Source material:
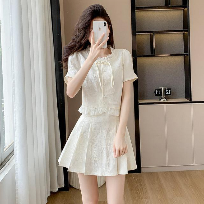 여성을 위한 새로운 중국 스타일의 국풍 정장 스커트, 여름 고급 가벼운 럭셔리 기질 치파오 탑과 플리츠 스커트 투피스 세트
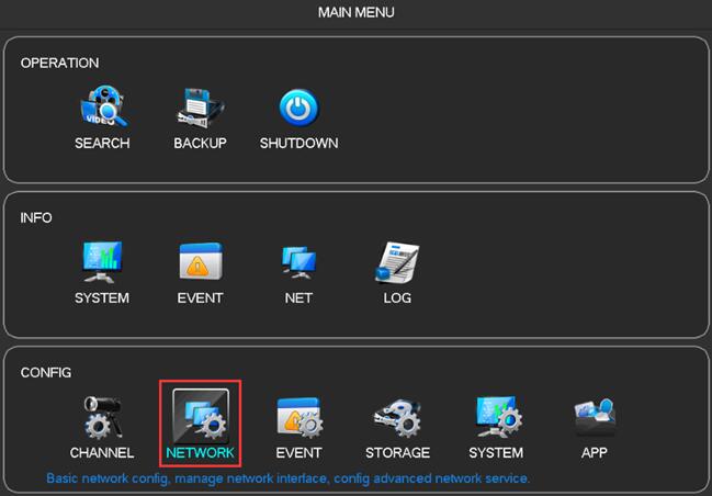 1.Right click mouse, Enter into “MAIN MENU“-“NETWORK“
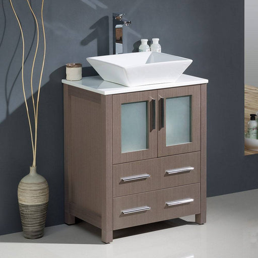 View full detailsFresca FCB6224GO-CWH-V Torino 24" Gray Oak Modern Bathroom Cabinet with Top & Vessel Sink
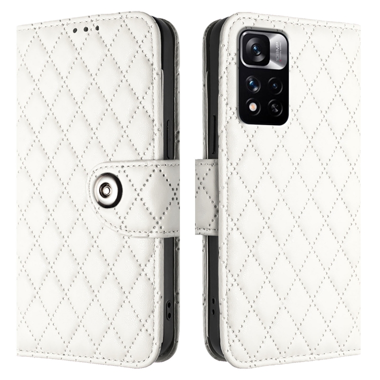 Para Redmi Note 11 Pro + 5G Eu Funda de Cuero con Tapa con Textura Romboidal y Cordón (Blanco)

Exercise objective: From the first line to the last, output the data exactly, without the pictures.

Written answer:
 여성을 위한 새로운 중국 스타일의 국풍 정장 스커트, 여름 고급 가벼운 럭셔리 기질 치파오 탑과 플리츠 스커트 투피스 세트
 1.Right click mouse, Enter into “MAIN MENU“-“NETWORK“
 View full detailsFresca FCB6224GO-CWH-V Torino 24" Gray Oak Modern Bathroom Cabinet with Top & Vessel Sink
 Para Redmi Note 11 Pro + 5G Eu Funda de Cuero con Tapa con Textura Romboidal y Cordón (Blanco)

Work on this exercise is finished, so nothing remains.